Denpasar, Bali (ANTARA) – Gubernur Bali Wayan Koster telah meminta kabupaten dan kota untuk menghentikan pengiriman sampah ke tempat pembuangan akhir seperti Tempat Pembuangan Akhir Suwung pada tahun 2027, dengan mencatat bahwa lokasi tersebut telah berkembang menjadi gunungan sampah.
“Mulai tahun 2027, model Tempat Pembuangan Akhir Suwung tidak boleh ada lagi di kabupaten lain. BKK (bantuan keuangan khusus) yang diberikan pada tahun 2027 akan ditujukan untuk pengelolaan sampah di masing-masing daerah,” ujarnya dalam Rapat Paripurna Dewan Perwakilan Rakyat Daerah (DPRD) Bali pada hari Rabu.
Menurutnya, BKK akan berfokus untuk menyelesaikan masalah pengelolaan sampah, menambahkan bahwa mereka yang gagal bertanggung jawab tidak akan menerima bantuan.
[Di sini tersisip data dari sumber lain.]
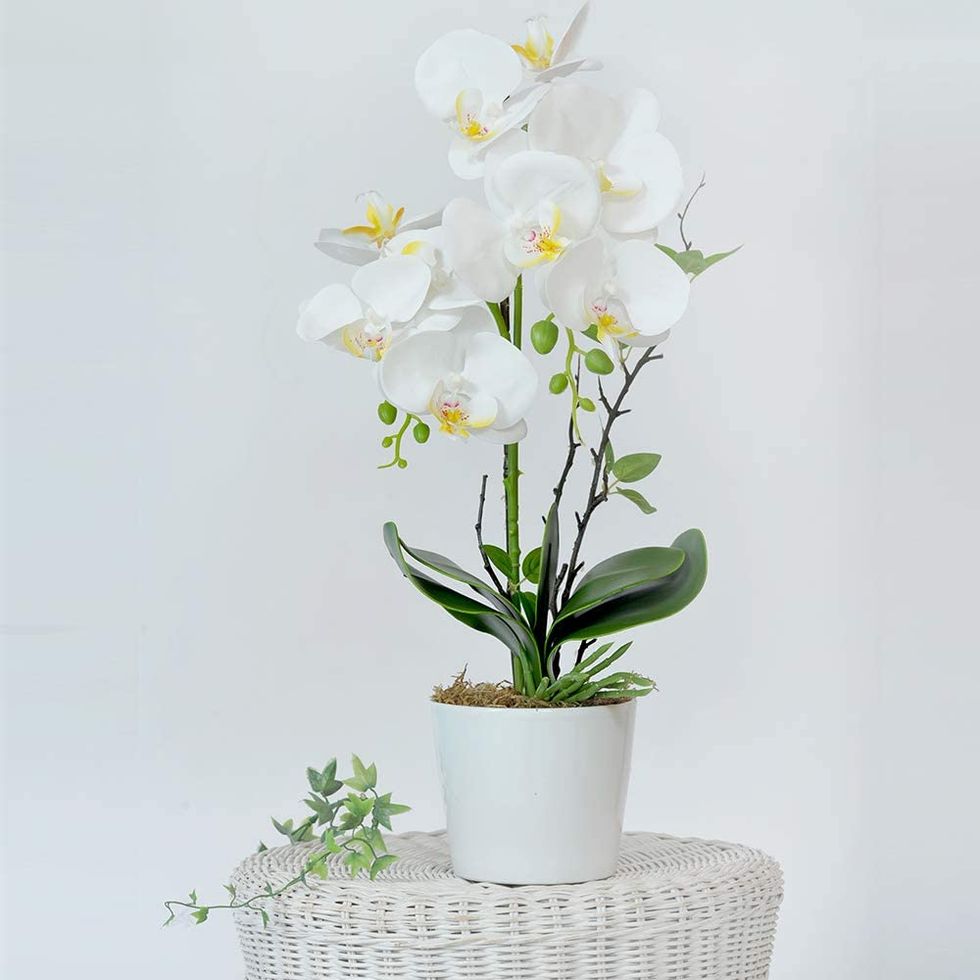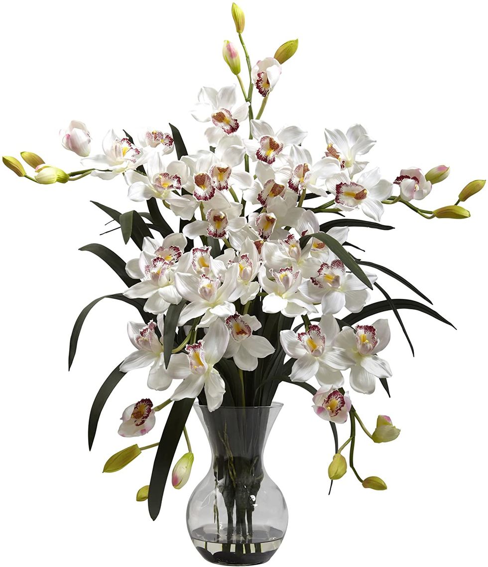 Real or fake? This Nearly Natural Large Cymbidiumis so beautiful, it's hard to tell the difference. It's among our favorite artificial plants for home decor, thanks to its life-like flower buds and leaves. The fake water is a nice added touch, too.
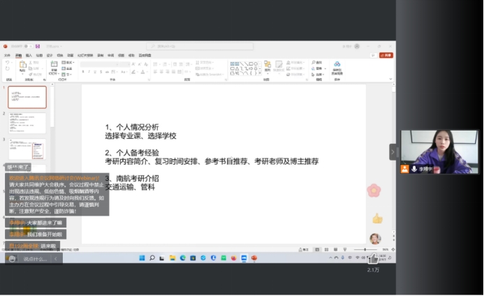 4月3日,管工公司举办了线上考研经验交流会,选取了工业工程、工程造价、物流工程和信息管理与信息系统专业6名优秀员工代表进行宣讲,宣讲人分别为东南大学、中国矿业大学、南京航空航天大学、合肥工业大学、武汉理工大学、大连海事大学2022年拟录取硕士研究生。

Ia mengungkapkan pernyataan tersebut sebagai masalah di Tempat Pembuangan Akhir Suwung telah menjadi perhatian utama, di mana mantan kepala Dinas Lingkungan Hidup Bali, Made Teja, diadili karena gagal mengelola sampah tersebut.
“Kepala Dinas Lingkungan Hidup Bali telah ditetapkan sebagai tersangka dalam pengelolaan Tempat Pembuangan Akhir Suwung karena limbah cair mencemari laut dan sumber air, mengancam kesehatan masyarakat. Oleh karena itu, ini harus diakhiri; tidak ada pilihan lain,” tegas Koster.
Tempat Pembuangan Akhir Suwung, yang menampung sampah dari Denpasar dan Badung, akan memberlakukan pembatasan mulai 31 Maret 2026, hanya menerima sampah non-organik dan sisa, sebelum sepenuhnya ditutup pada 1 Agustus.
Oleh karena itu, Pemerintah Provinsi Bali, bersama dengan Pemerintah Kota Denpasar dan Pemerintah Kabupaten Badung, sedang bekerja mengelola sampah organik, termasuk upaya untuk memprosesnya di sumbernya dengan dukungan komunitas.
Untuk mencegah penumpukan sampah lebih lanjut di Bali, serupa dengan Tempat Pembuangan Akhir Suwung, Pemerintah Provinsi Bali, dengan bantuan pemerintah pusat, akan memperkenalkan teknologi waste-to-energy (PSEL).
PSEL akan dibangun di atas lahan seluas 6 hektar yang dimiliki oleh PT Pelindo di Denpasar Selatan.
“Pembangunan PSEL telah dimulai, dan acara peletakan batu pertama direncanakan pada akhir Juni 2026,” informasinya gubernur.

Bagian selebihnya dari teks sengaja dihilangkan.